Modified on: 2018/07/16
A:

The term "blue chip" in poker signifies the chip that has the highest value. The term was taken from the poker world and used as stock market terminology. In the investment world, a blue-chip company is well-known, well-established and well-secured. It is considered to be a leading company in its sector and produces dominant goods or services. Generally, a blue-chip company is impervious to economic downturns, which contributes to its qualities of generating consistent revenues and stable growth. It is usually considered a household name.

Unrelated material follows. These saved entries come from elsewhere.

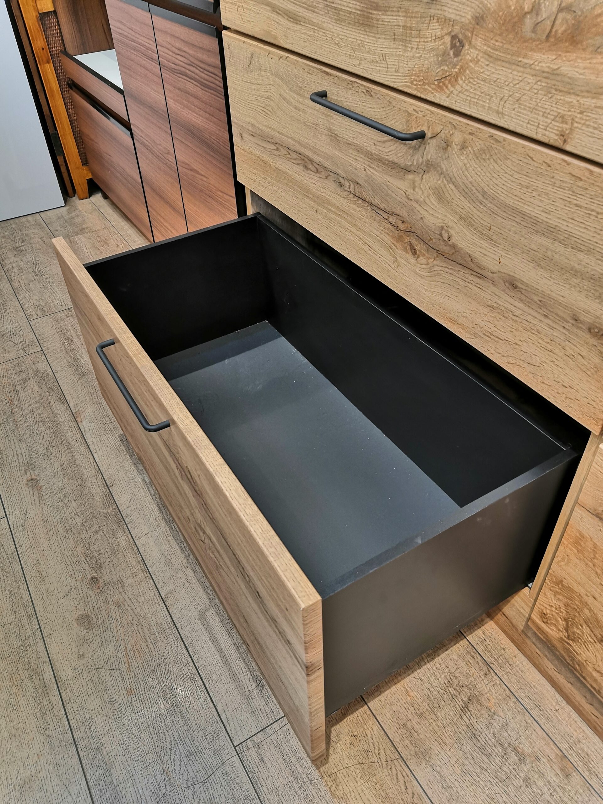 引き出しのレールは本体の下に隠れているので、埃が溜まって開きが悪くなることがありません。
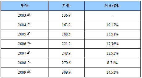 2003-2009年我国汽车前桥总成产量及同比增长统计表
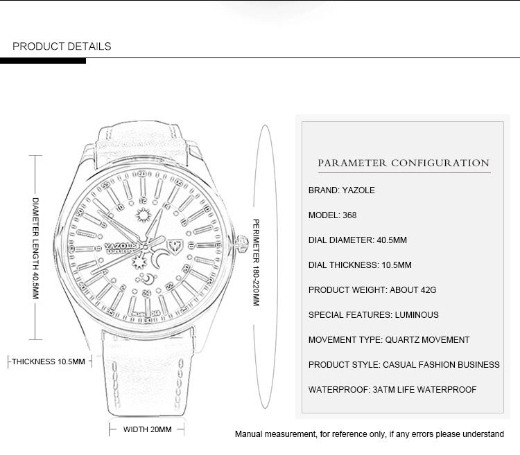 | Paquete incluido: | 1 x Reloj YAZOLE |
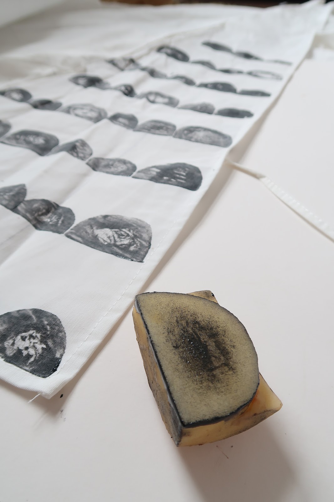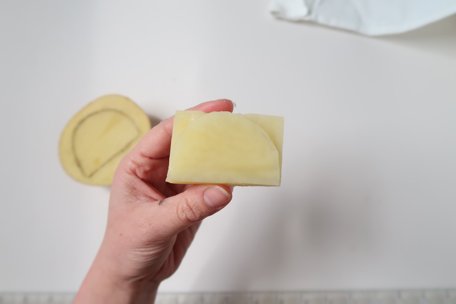 Cut your potato into a rectangle around the half moon shape - this will help you to see where you are placing the shape when it comes to printing. Set your potato stamp aside to dry a little.Step 4
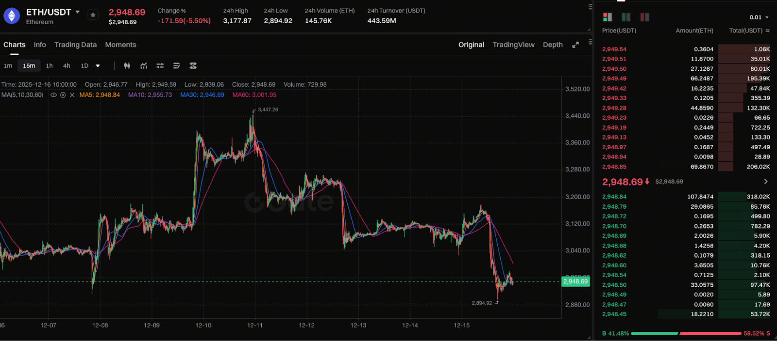 Đến cuối năm 2025, giá ETH vẫn dao động quanh mức 3.000 USD, trong bối cảnh tâm lý thị trường còn nhiều bất ổn. Các chỉ báo kỹ thuật cho thấy khả năng cao ETH sẽ tiếp tục đi ngang hoặc điều chỉnh trong ngắn hạn.
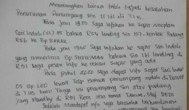 TANGERANG- Surat penyataan pimpinam sopir Lion Air yang mengakui ada kesalahan  menyebar.
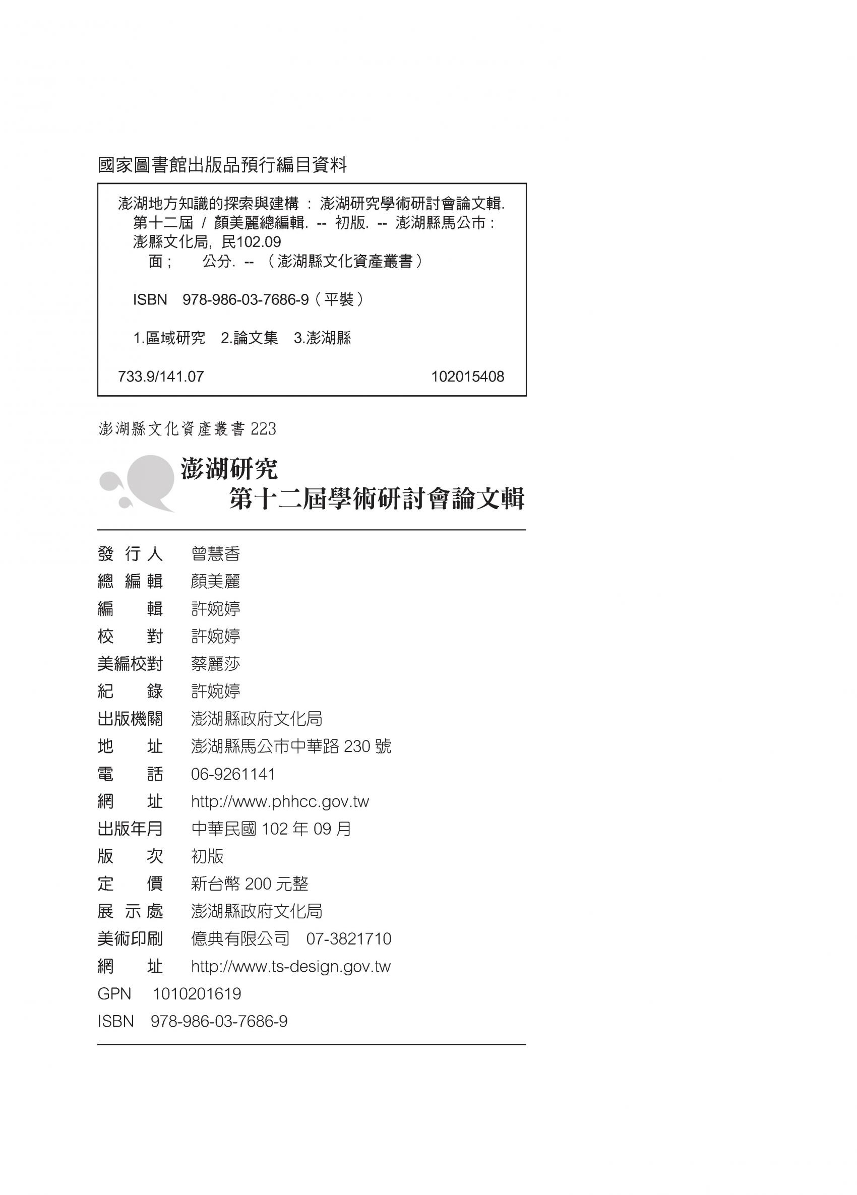 2012澎湖研究─第12屆學術研討會論文輯
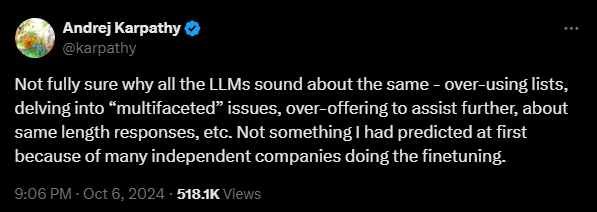 Zu den Beobachtungen der beiden Forscher passt auch die Feststellung des bekannten KI-Entwicklers Andrej Karpathy, Ex-OpenAI- und Tesla-KI-Chef: Alle LLMs klingen fast identisch. "Das hätte ich nicht erwartet, da viele unabhängige Firmen das Feintuning vornehmen", schreibt Karpathy.

A blue-chip stock is the stock of a blue-chip company. If a stock is considered blue-chip, it is generally the market leader or one of the top performers in its sector.The market capitalization of a blue-chip company is usually in the billions of dollars. Typically, a blue-chip stock is a component of major stock market averages and indexes, such as the S&P 500 index in the United States. It can also be listed on other major indexes throughout the world.

Historically, blue-chip companies post steady earnings results. Blue-chip companies are generally considered to be safe investments because of their ability to generate profits even during an economic downturn. A blue chip is known to have a very stable growth rate, so it is considered to have less volatility than other companies that are not well-established. Generally, a blue-chip stock follows an index closely. For example, Apple was given blue-chip status in 2015, and it follows the S&P 500 and Nasdaq 100.

During recessionary periods, a blue-chip company is impervious to adverse economic conditions. For example, Coca Cola, a blue-chip company, may not suffer from a recession because it is a household name and many opt to drink its products, no matter what economic conditions are like.